*** Opening Source information ***

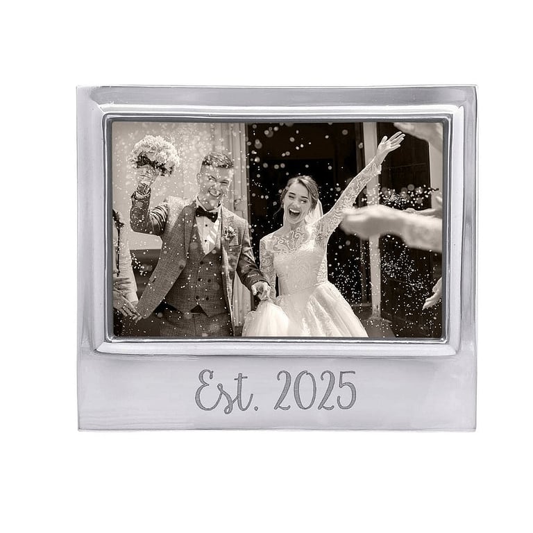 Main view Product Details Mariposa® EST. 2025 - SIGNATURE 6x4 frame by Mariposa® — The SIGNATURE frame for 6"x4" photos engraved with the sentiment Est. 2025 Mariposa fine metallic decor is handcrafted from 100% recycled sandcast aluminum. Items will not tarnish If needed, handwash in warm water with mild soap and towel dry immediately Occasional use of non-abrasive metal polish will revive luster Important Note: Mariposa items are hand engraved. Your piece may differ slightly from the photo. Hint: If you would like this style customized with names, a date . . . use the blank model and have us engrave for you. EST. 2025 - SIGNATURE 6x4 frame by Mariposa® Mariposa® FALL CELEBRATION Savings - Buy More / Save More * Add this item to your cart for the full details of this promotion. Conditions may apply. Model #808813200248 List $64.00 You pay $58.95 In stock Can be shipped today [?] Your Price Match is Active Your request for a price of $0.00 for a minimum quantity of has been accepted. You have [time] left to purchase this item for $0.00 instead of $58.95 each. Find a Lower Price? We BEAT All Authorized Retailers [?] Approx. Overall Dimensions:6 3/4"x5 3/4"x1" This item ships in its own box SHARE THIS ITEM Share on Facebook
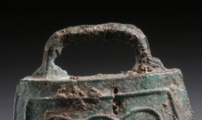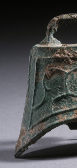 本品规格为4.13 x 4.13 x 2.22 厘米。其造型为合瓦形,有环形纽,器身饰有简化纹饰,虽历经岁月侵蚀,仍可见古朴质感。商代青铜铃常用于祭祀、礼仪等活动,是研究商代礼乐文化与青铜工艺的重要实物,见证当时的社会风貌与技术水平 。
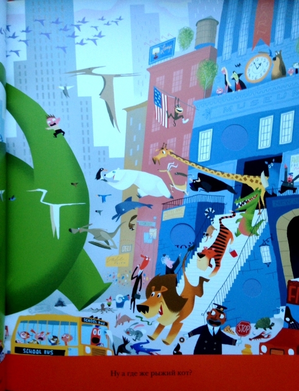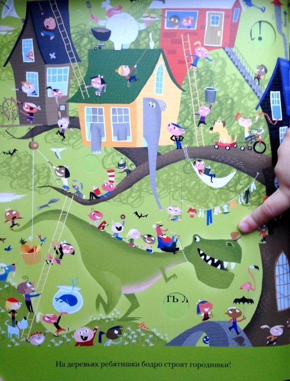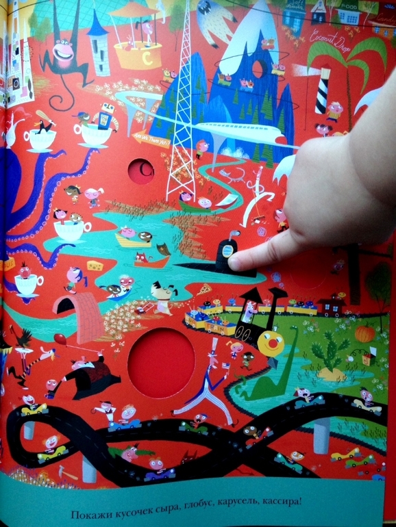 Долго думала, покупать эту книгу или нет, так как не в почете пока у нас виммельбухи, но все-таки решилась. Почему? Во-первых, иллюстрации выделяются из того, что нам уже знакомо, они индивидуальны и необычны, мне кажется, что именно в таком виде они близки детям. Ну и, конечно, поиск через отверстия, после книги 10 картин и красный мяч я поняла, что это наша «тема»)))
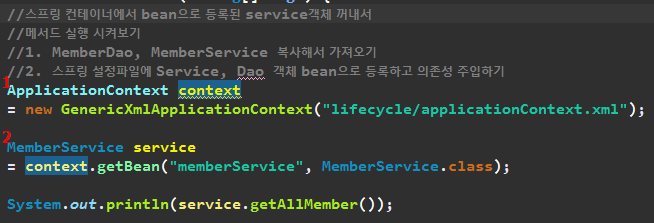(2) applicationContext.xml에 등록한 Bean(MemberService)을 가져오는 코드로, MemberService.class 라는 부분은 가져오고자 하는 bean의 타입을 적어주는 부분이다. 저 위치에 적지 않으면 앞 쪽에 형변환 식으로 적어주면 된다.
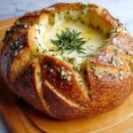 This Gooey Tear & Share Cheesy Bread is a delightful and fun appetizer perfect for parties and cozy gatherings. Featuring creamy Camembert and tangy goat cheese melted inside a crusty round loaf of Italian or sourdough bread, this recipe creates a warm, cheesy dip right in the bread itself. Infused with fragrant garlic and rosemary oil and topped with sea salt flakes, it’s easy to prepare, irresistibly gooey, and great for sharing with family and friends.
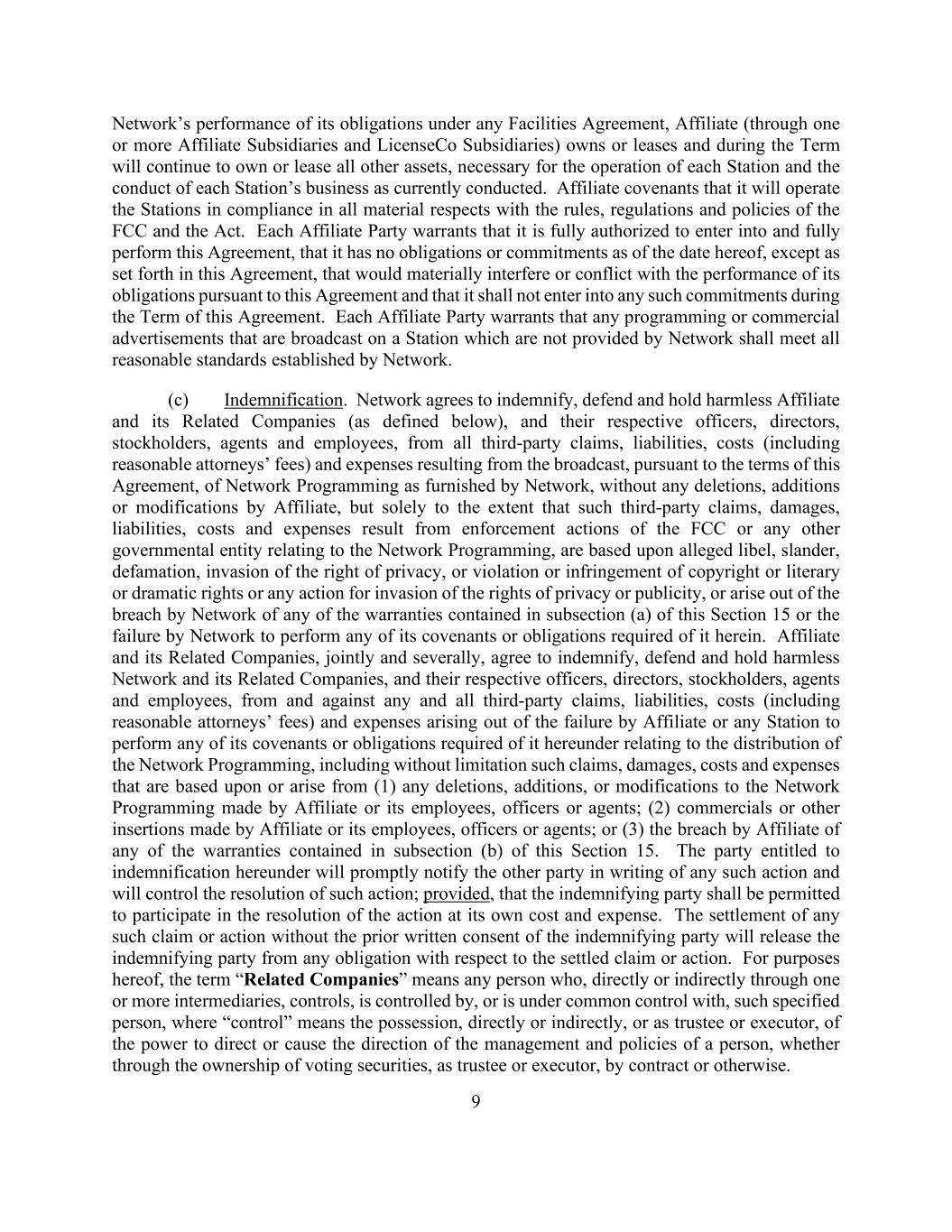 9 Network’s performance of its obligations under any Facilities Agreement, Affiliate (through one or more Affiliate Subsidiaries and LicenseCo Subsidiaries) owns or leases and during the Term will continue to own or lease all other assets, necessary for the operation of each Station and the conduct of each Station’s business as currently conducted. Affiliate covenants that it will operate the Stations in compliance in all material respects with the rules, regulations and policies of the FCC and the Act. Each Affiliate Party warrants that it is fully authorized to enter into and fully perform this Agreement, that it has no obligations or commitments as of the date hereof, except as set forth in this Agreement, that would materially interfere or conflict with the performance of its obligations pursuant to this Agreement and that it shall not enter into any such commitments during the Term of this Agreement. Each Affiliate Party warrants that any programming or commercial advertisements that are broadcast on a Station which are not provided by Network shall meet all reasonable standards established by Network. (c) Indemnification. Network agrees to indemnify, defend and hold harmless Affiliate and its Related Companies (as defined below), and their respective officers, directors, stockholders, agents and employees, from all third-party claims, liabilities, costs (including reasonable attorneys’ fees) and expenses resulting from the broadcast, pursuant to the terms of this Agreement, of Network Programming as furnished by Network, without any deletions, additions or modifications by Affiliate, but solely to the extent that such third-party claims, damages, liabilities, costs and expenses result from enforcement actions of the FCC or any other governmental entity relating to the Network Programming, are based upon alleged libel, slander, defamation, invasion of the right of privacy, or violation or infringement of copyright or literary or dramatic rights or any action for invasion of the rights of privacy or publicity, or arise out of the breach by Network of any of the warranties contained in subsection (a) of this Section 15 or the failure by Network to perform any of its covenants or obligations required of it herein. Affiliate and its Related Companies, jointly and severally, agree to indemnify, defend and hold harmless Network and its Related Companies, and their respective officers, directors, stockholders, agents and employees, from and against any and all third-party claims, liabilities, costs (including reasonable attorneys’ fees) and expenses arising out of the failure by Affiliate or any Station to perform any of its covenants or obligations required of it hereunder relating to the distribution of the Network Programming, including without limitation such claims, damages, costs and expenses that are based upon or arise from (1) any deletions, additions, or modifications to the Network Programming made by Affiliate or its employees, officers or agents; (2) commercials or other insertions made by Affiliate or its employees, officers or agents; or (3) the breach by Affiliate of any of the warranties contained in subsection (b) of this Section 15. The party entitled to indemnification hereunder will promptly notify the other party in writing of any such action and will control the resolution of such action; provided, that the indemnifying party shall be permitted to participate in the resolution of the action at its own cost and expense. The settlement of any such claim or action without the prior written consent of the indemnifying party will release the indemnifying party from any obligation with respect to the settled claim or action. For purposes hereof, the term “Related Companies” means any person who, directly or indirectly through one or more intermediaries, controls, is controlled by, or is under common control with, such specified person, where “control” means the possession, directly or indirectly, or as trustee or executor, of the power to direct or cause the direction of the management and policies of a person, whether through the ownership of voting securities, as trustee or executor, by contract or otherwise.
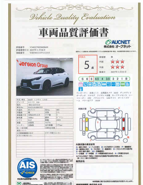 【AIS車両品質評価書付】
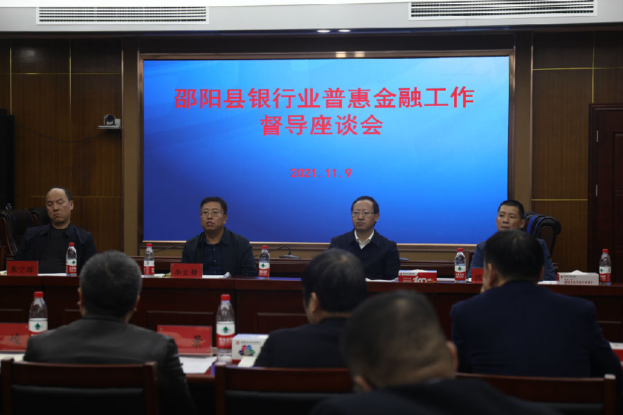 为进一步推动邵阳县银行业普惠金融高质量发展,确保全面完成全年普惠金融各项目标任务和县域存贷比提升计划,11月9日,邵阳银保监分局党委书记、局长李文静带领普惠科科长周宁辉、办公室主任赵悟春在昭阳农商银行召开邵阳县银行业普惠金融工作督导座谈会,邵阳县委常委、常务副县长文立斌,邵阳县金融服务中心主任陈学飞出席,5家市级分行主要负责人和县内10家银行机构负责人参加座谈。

*** Closing Source information ***
*** Opening Source information ***

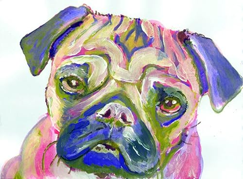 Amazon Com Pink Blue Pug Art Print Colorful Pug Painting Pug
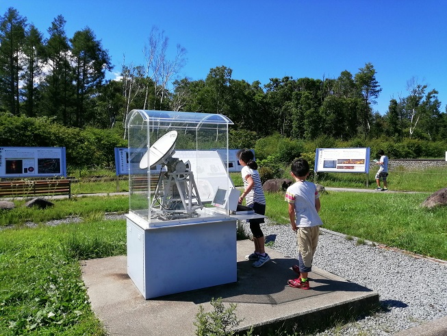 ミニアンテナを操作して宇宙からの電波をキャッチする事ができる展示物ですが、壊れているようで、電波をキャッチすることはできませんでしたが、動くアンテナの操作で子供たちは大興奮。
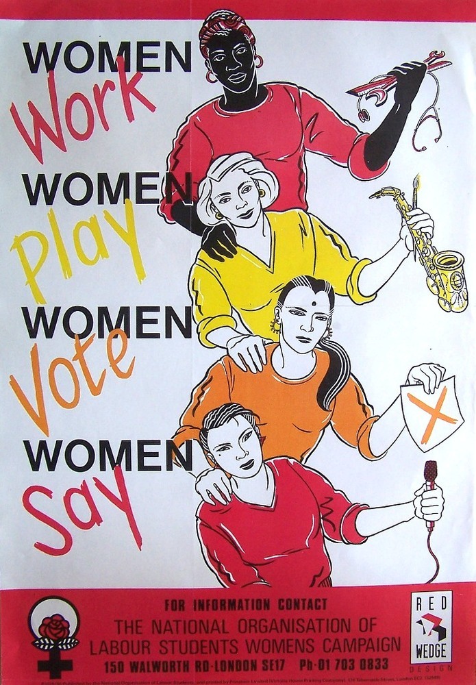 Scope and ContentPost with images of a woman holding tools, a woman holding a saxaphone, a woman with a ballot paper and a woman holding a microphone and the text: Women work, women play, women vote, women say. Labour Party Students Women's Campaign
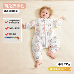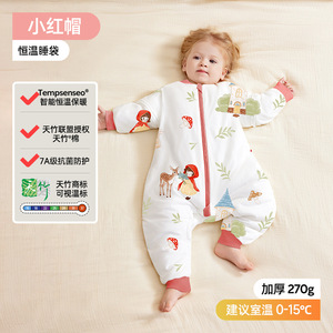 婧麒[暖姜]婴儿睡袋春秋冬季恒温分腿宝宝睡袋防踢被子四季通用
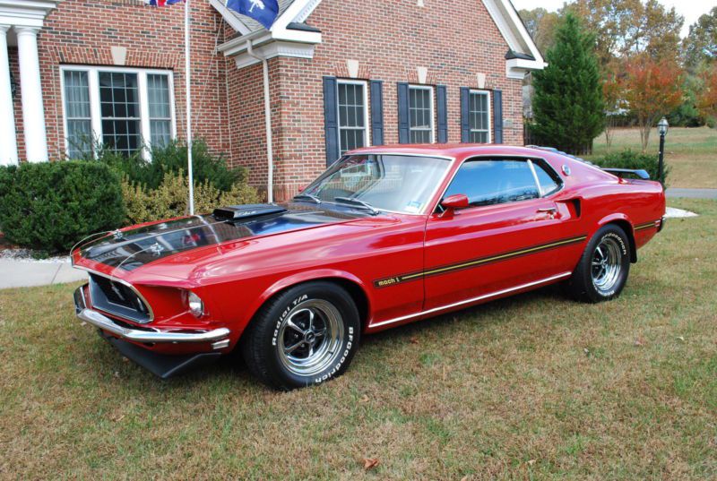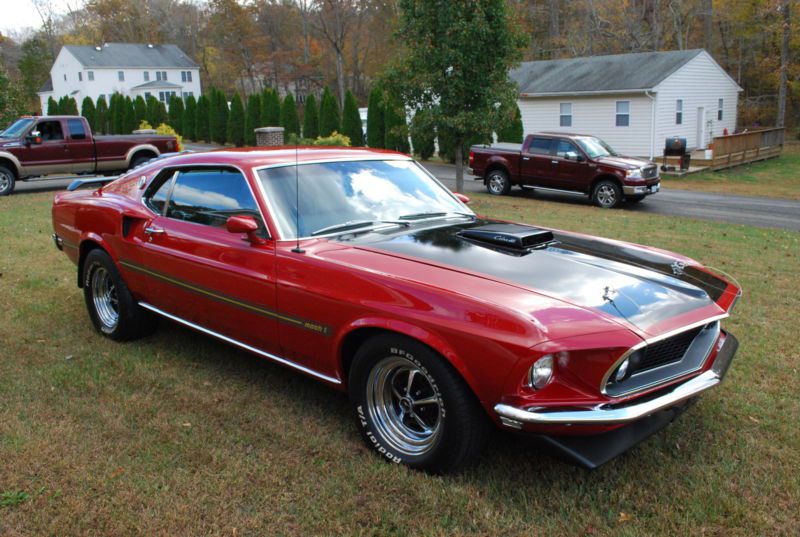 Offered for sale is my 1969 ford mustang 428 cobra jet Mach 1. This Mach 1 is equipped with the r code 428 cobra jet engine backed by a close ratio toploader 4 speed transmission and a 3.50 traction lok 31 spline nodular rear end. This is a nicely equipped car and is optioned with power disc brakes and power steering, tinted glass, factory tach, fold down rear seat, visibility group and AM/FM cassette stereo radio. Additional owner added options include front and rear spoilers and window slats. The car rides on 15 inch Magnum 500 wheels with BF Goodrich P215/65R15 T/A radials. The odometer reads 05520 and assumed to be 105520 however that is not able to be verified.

*** Closing Source information ***

▶ The task
Copy the lines above exactly, starting with the line that contains "Scope and ContentPost" and ending with the line that contains "Offered for sale", and leave out any pictures.

▶ Solution to the problem
 Scope and ContentPost with images of a woman holding tools, a woman holding a saxaphone, a woman with a ballot paper and a woman holding a microphone and the text: Women work, women play, women vote, women say. Labour Party Students Women's Campaign
 婧麒[暖姜]婴儿睡袋春秋冬季恒温分腿宝宝睡袋防踢被子四季通用
 Offered for sale is my 1969 ford mustang 428 cobra jet Mach 1. This Mach 1 is equipped with the r code 428 cobra jet engine backed by a close ratio toploader 4 speed transmission and a 3.50 traction lok 31 spline nodular rear end. This is a nicely equipped car and is optioned with power disc brakes and power steering, tinted glass, factory tach, fold down rear seat, visibility group and AM/FM cassette stereo radio. Additional owner added options include front and rear spoilers and window slats. The car rides on 15 inch Magnum 500 wheels with BF Goodrich P215/65R15 T/A radials. The odometer reads 05520 and assumed to be 105520 however that is not able to be verified.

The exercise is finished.